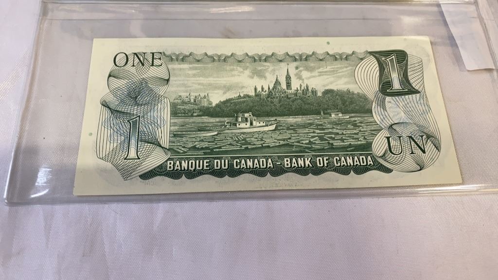 3 MINT 1973 CANADIAN 1 DOLLAR BILLS - 2 IN SEQUENCE, LAST ISSUE OF BILL
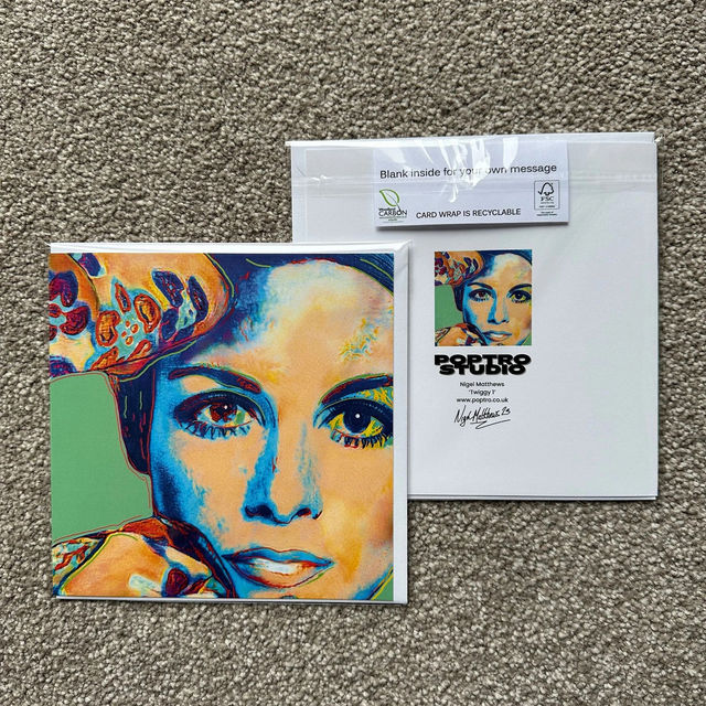 Twiggy - Single Square Pop Art Greeting Card, White Envelope, Blank Inside, Recyclable Wrap, Professionally Printed
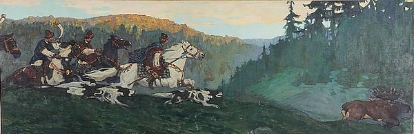 На панно изображён утренний пейзаж с холмами, покрытыми густым лесом, и елями, возвышающимися справа. Слева группа из трёх охотников на лошадях преследует лося, изображённого на переднем плане справа. Охотников сопровождают чёрно-белые собаки. В центре выделяется всадник на белой лошади в островерхой шапке с копьём, за ним следуют ещё два охотника, один из которых трубит в рог; по левому краю видна голова лошади и часть рога. Вдали холм, освещённый первыми лучами солнца, а на голубом небе — розовые облака. Сцена относится к бытовому жанру, отражая повседневную жизнь и традиции охоты. В работе подчёркнуты детали композиции и использование утренних оттенков в цветовой гамме.
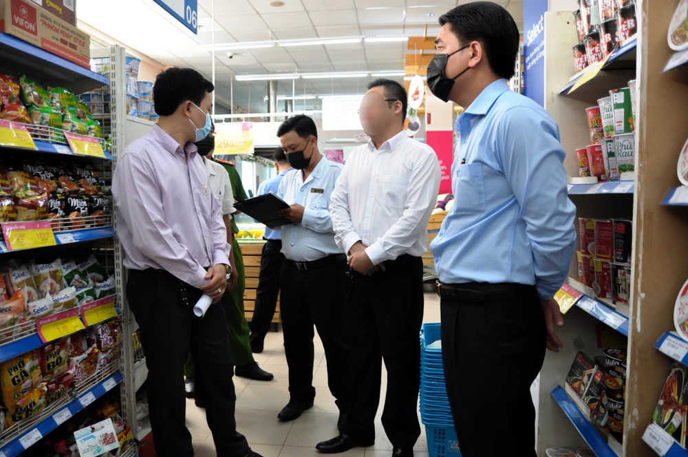 Đoàn công tác của Sở Công thương tỉnh Hậu Giang kiểm tra tình hình cũng ứng hàng hóa thiết yếu trên địa bàn tỉnh. Ảnh: BT
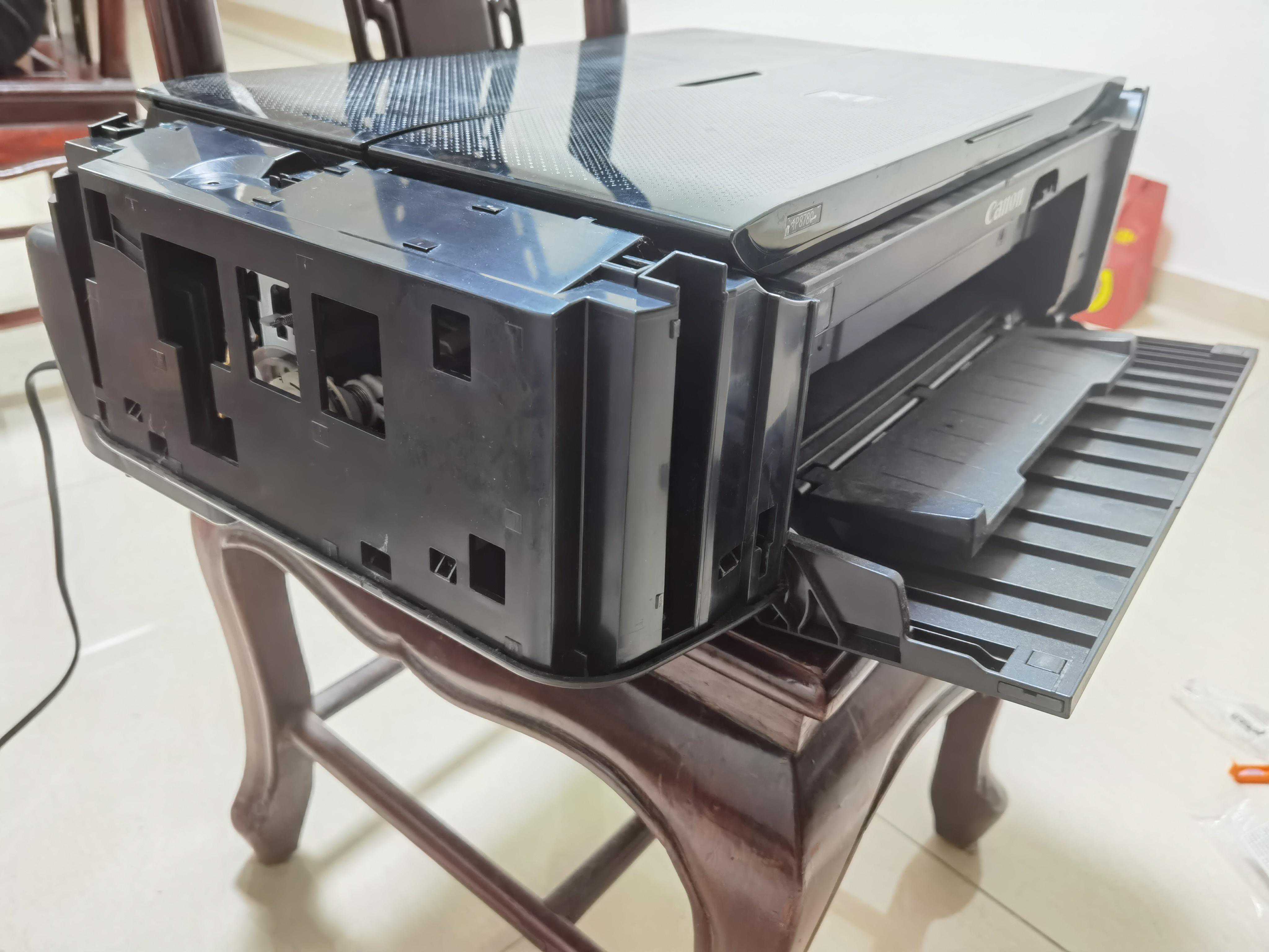 家里有台佳能ip8780打印机,闲置了两三年一直没用过,最近要打印点东西,于是让它重见天日,可意外的是,之前用得好好的机器居然无法正常开机了,插电按电源按钮,电源灯亮三下就灭了,跟没插电一样,墨车也没动静,试了各种姿势,确定是坏了。

════════════════

EXERCISE DETAILS: In the listing, find the line containing "Đoàn công tác" and repeat it and every later line through the last one, word for word, excluding the pictures.

SOLUTION FOR THIS EXERCISE:
 Đoàn công tác của Sở Công thương tỉnh Hậu Giang kiểm tra tình hình cũng ứng hàng hóa thiết yếu trên địa bàn tỉnh. Ảnh: BT
 家里有台佳能ip8780打印机,闲置了两三年一直没用过,最近要打印点东西,于是让它重见天日,可意外的是,之前用得好好的机器居然无法正常开机了,插电按电源按钮,电源灯亮三下就灭了,跟没插电一样,墨车也没动静,试了各种姿势,确定是坏了。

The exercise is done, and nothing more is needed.